HBM2 vs HBM3: Comparison and Analysis of These VRAMs

Although the BIG Navi with RDNA2 architecture and its Navi 2x chips have not yet come onto the market as such, the truth is that AMD (and to a lesser extent NVIDIA) are already working on implementing the successor of this (which will not be HBM2E ): HBM3 . Although we do not know too much about it today, a series of comparative data has been leaked against HBM2 that is quite interesting and can tip the balance of performance between the two companies, how much is the improvement?

As we know, HBM2 and HBM2E are two types of VRAM with a number of important limitations to its implementation and development for GPU chips. They have many advantages from the point of view of performance and consumption, they are the present out of necessity, but they will not be the future as such.

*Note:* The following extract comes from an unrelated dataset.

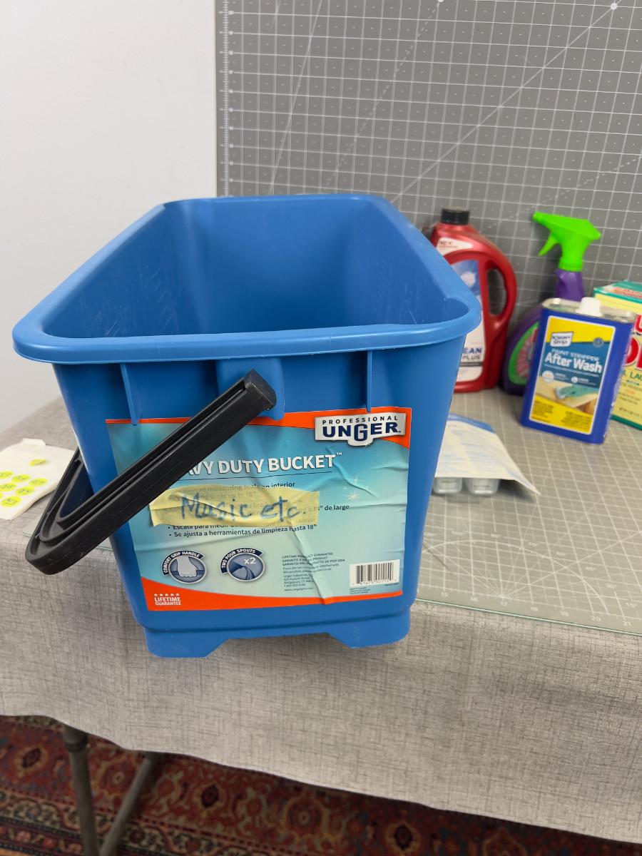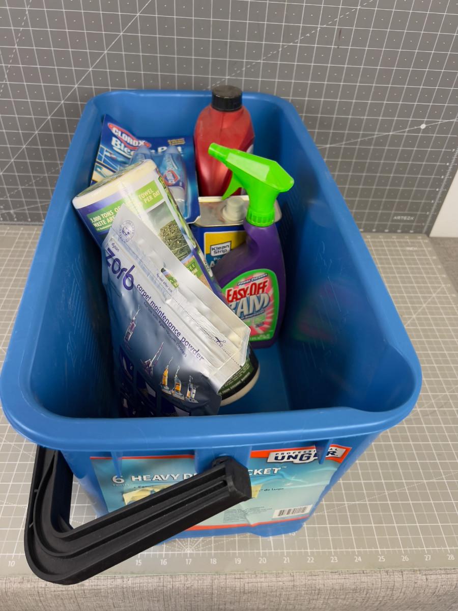 Pile of Cleaning Products in a Heavy Duty Bucket

For this, HBM3 arrives, which within the little we know about it, will end the problems of its two previous versions. Until today, we did not know its performance, and above all, how much improvement we can talk about compared to the version it replaces.

HBM2 vs HBM3: the first comparatives and performance simulations arrive

As we say, the first data is already here, except that, as usually happens in these cases, they are not offered by way of bandwidth, FPS or any other common metric within the gaming sector.

As a high-performance TOP memory, the business world is interested in learning about improvements over HBM2 in an Exascale server environment, which are ultimately the world dominators for their tremendous power. Therefore, the data we are going to see reflects this situation and focuses on drawing conclusions for organization, bandwidth, latency, capacity, and power.

The question is clear and key: to what extent will future PCs benefit from HBM3 vs. HBM2? The data is pretty clear.

As we can see, the optimization of the HBM3 is going to be a more than important pillar in Exascale systems, and that is that it is possible to achieve up to a 1.7x increase in speed in systems over HBM2 with little more than the number of cores and subsystem caches measure up.

In HPCG the performance in bandwidth can shoot up to 600 GB / s in these environments from the 300 GB / s from which the first versions start at low speeds, a scenario that is repeated in Stream for example.

The main problem that HBM3 is going to drag is precisely the NoC networks, in which the bandwidth is a bottleneck. The clusters will have a slight improvement in these cases as long as there is no such bottleneck, but it is not a type of memory that seems to be too optimal for systems that are not precisely optimized.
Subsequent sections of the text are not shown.